[EXERCISE GOAL] Write out again, exactly, the lines below starting at the one with "El conductor de" and ending at the one with "Wonderful vintage gold".

[DATA FOR THE TASK]
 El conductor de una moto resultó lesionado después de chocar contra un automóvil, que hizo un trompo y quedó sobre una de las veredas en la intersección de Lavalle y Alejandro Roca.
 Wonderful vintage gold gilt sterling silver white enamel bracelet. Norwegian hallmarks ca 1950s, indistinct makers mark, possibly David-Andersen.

---

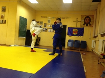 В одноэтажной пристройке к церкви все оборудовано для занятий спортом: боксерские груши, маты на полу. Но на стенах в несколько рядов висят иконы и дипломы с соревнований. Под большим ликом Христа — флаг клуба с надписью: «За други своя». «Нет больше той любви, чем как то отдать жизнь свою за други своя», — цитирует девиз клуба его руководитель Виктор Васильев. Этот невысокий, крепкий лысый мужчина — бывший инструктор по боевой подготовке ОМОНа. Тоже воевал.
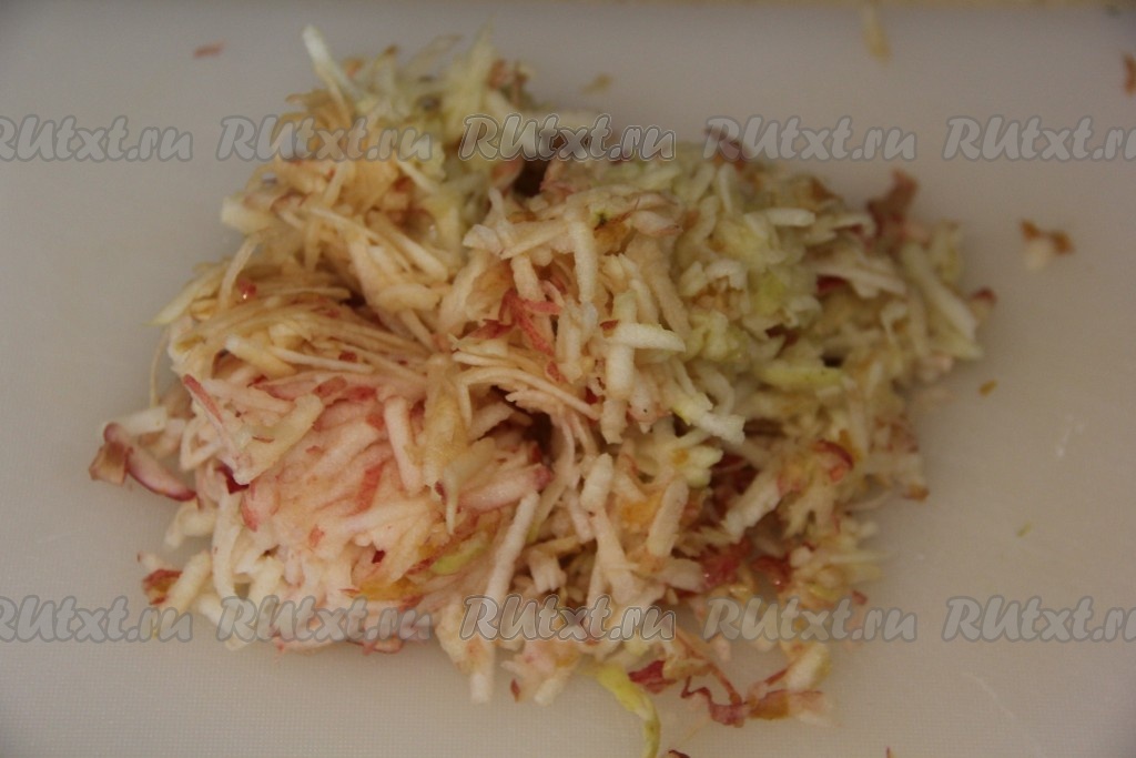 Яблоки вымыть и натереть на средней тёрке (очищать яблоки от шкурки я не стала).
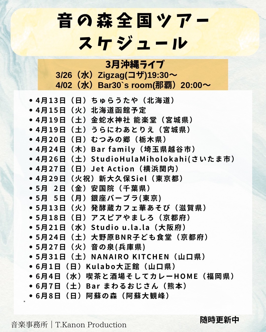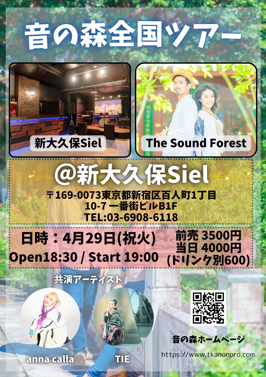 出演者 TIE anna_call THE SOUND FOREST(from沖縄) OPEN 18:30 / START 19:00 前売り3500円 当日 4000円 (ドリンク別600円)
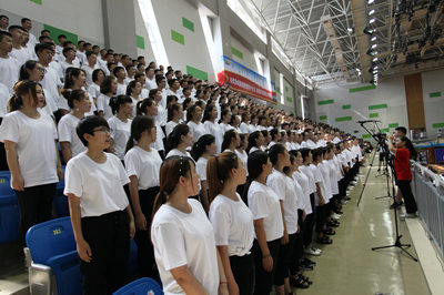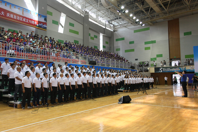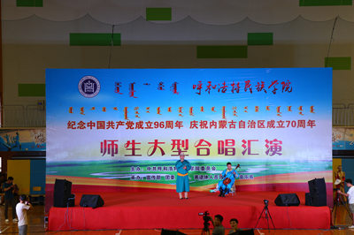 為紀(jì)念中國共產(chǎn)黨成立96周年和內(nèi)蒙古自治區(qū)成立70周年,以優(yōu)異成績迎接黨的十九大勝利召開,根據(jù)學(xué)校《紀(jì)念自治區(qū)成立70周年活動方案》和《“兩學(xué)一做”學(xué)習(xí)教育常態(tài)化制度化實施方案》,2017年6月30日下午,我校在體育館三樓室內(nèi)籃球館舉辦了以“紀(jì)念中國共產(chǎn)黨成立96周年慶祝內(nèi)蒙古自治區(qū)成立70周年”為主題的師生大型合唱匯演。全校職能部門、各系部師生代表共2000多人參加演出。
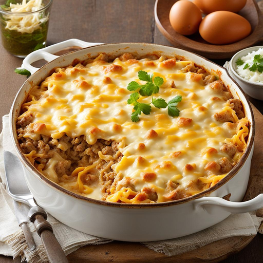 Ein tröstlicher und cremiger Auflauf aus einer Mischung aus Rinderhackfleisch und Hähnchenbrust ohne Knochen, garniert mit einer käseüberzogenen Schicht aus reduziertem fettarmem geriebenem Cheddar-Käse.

--

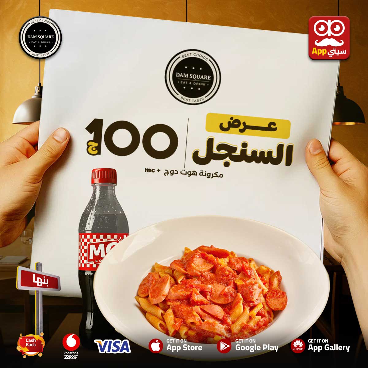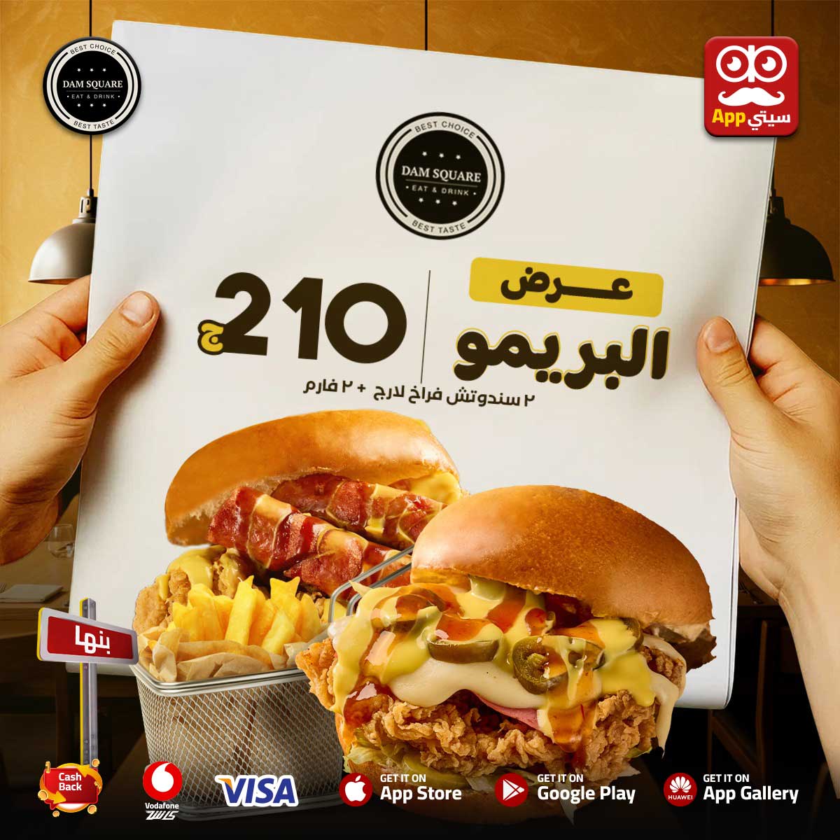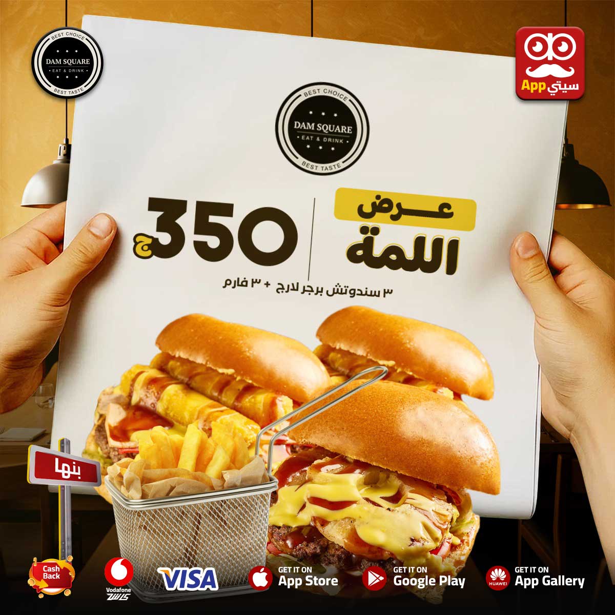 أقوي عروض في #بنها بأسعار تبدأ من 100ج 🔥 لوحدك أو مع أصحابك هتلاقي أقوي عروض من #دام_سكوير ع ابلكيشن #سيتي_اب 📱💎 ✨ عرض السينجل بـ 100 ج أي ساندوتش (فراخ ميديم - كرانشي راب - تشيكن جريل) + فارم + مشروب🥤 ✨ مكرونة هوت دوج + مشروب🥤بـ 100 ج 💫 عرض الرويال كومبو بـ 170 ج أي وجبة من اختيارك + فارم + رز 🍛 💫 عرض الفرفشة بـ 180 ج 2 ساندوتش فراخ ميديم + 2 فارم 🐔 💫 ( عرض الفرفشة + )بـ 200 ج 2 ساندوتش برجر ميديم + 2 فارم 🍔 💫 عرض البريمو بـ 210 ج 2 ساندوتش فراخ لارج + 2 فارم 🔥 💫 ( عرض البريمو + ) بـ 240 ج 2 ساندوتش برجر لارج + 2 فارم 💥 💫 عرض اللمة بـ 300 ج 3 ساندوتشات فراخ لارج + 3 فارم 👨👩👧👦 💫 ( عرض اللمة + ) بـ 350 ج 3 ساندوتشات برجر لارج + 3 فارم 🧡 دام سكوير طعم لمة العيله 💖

[TASK OUTPUT]
 El conductor de una moto resultó lesionado después de chocar contra un automóvil, que hizo un trompo y quedó sobre una de las veredas en la intersección de Lavalle y Alejandro Roca.
 Wonderful vintage gold gilt sterling silver white enamel bracelet. Norwegian hallmarks ca 1950s, indistinct makers mark, possibly David-Andersen.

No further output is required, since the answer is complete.